Hydrogen, however, exists on Earth not in its natural form but in combination with other elements. The primary example is hydrogen combined with oxygen to form water. Additional examples include hydrogen combined with carbon, resulting in coal, petroleum, and natural gas.
Hydrogen’s fondness for other elements makes it a good energy carrier. When run through a vehicle’s fuel cell, for example, hydrogen combines instantly with oxygen, generating electricity to power the drivetrain and expelling water vapor out the tailpipe.[2]
Hydrogen Liftoff?
A significant factor standing in the way of widespread hydrogen use is a shortage of fueling stations. As of the end of 2022, California had only 55 operational public hydrogen stations, with another 76 funded but not yet built. Forty-five new public hydrogen filling stations were opened in Europe in 2022, representing a 22% increase from 2021. The total number of stations in Europe is now approximately 250. In 2022, 130 new hydrogen filling stations went into operation worldwide, raising the total to 814. By stark comparison, the United States has more than 100,000 gas stations.[3]

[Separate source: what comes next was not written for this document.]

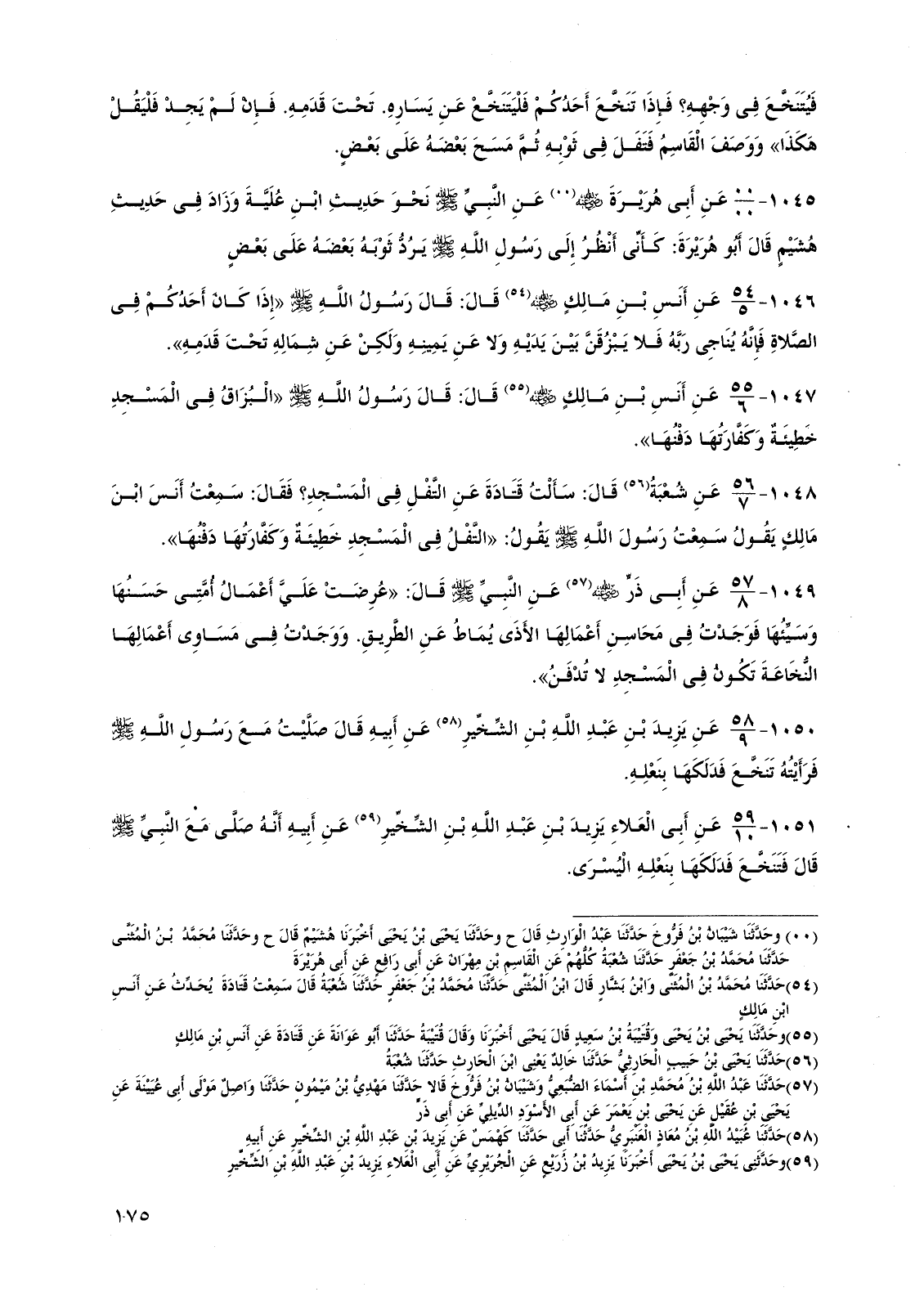 1051 - عن أبي العلاء يزيد بن عبد الله بن الشخير عن أبيه أنه صلى مع النبي صلى الله عليه وسلم قال فتنخع فدلكها بنعله اليسرى.

Cost is another factor hampering the widespread adoption of hydrogen fuel. According to the California Hydrogen Business Council, “a kilogram of hydrogen costs between $10 and $17 at California hydrogen stations, which equals about $5 to $8.50 per gallon of gasoline.” By contrast, the cost of charging an EV at home is akin to paying only $1 to $2 per gallon.

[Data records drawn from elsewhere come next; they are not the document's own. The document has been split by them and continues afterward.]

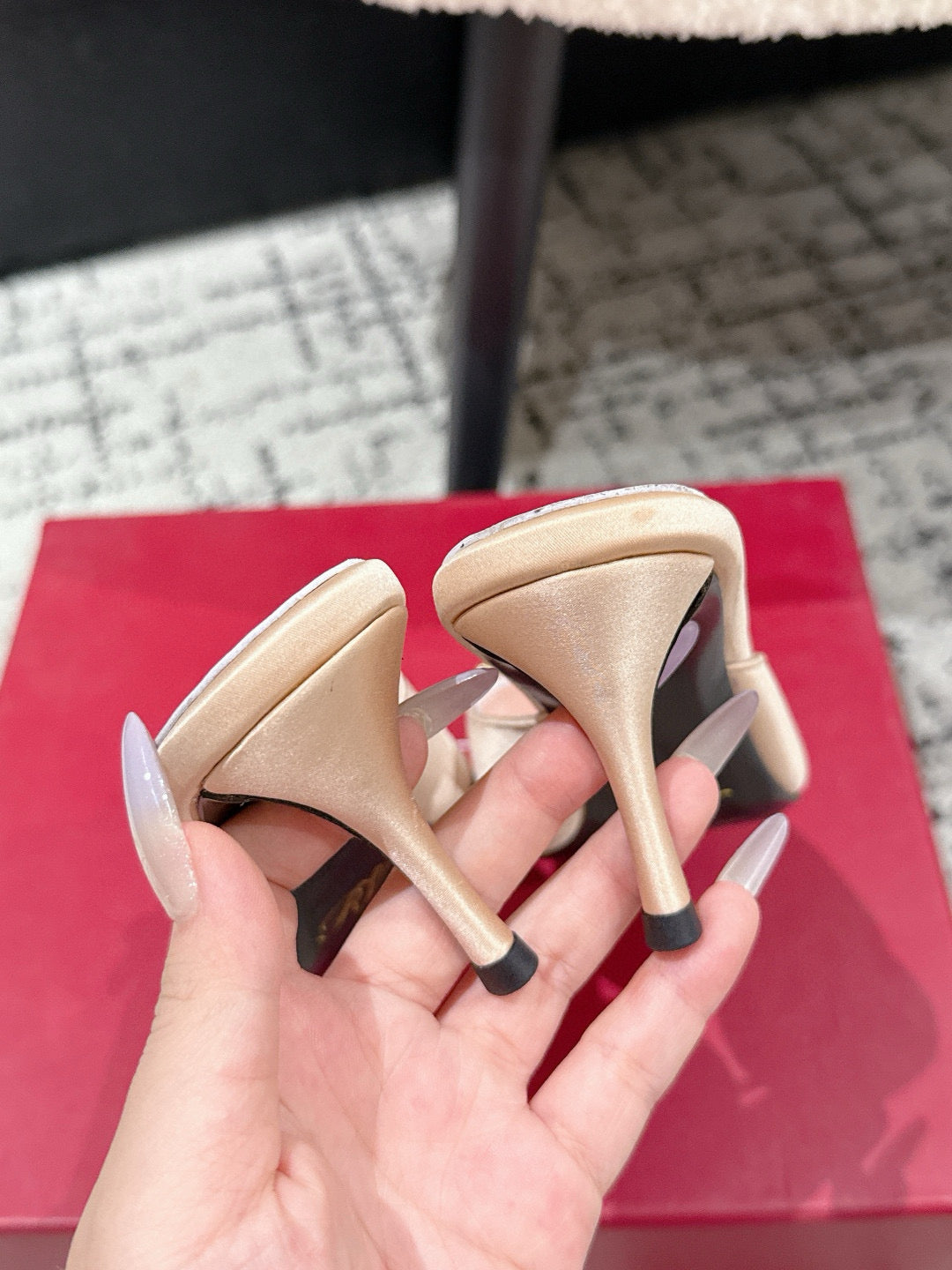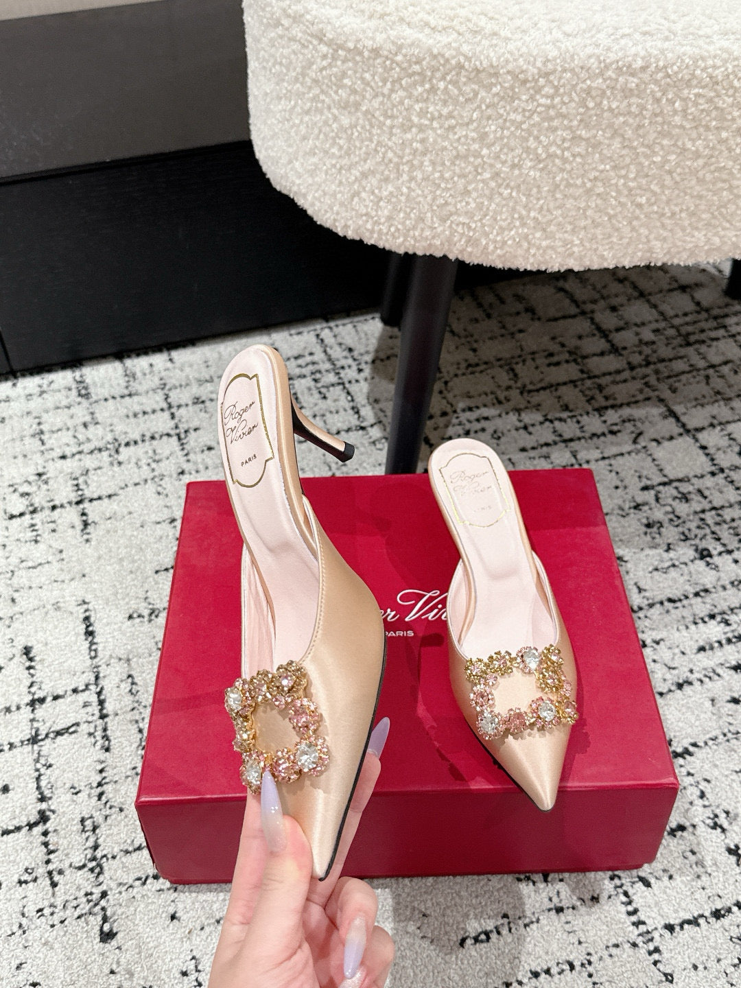 ROGER VIVIER 25S EFFLORESCENCE MULES 65MM IN GOLD SATIN EMBELLISHED CRYSTALS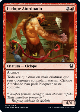 | Rules | Reach Whenever two or more creatures your opponents control attack, Flummoxed Cyclops can't block this combat. |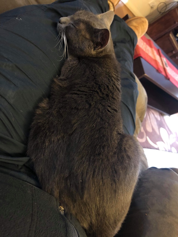 Lulu seems to respond well to male humans and she’s also good around younger cats.
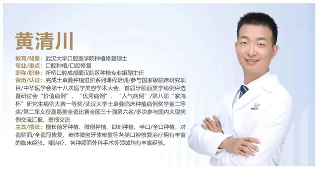 新桥口腔成都蜀汉院区种植专业组副主任/口腔修复学硕士黄清川友情提示:种植牙术后的恢复期,是确保手术成功和种植牙长期使用的关键时期。在此期间,患者应严格遵守医生的饮食建议,并保持良好的口腔卫生习惯,定期复诊检查,以确保种植牙的稳定性和使用效果。

Yet another factor: The traditional method of producing hydrogen with fossil fuel results in significant quantities of greenhouse gas emissions.
Many companies are now working to reduce or eradicate such factors. One company, for example, is producing hydrogen at the pump site rather than offsite, using feedstock sourced from cow and pig farms, food waste, and landfills. This approach aims to reduce transportation costs and carbon use and increase the reliability of the hydrogen supply.
In addition to such private sector initiatives, public sector entities are funding hydrogen innovation at an unprecedented level. It is no surprise, then, that many commentators surmise that we are on the verge of a hydrogen upsurge.
Public Sector Opportunities
The U.S. federal government is investing billions of dollars in grants, tax credits, and loans to help transform clean hydrogen into a planet-friendly alternative to fossil fuels.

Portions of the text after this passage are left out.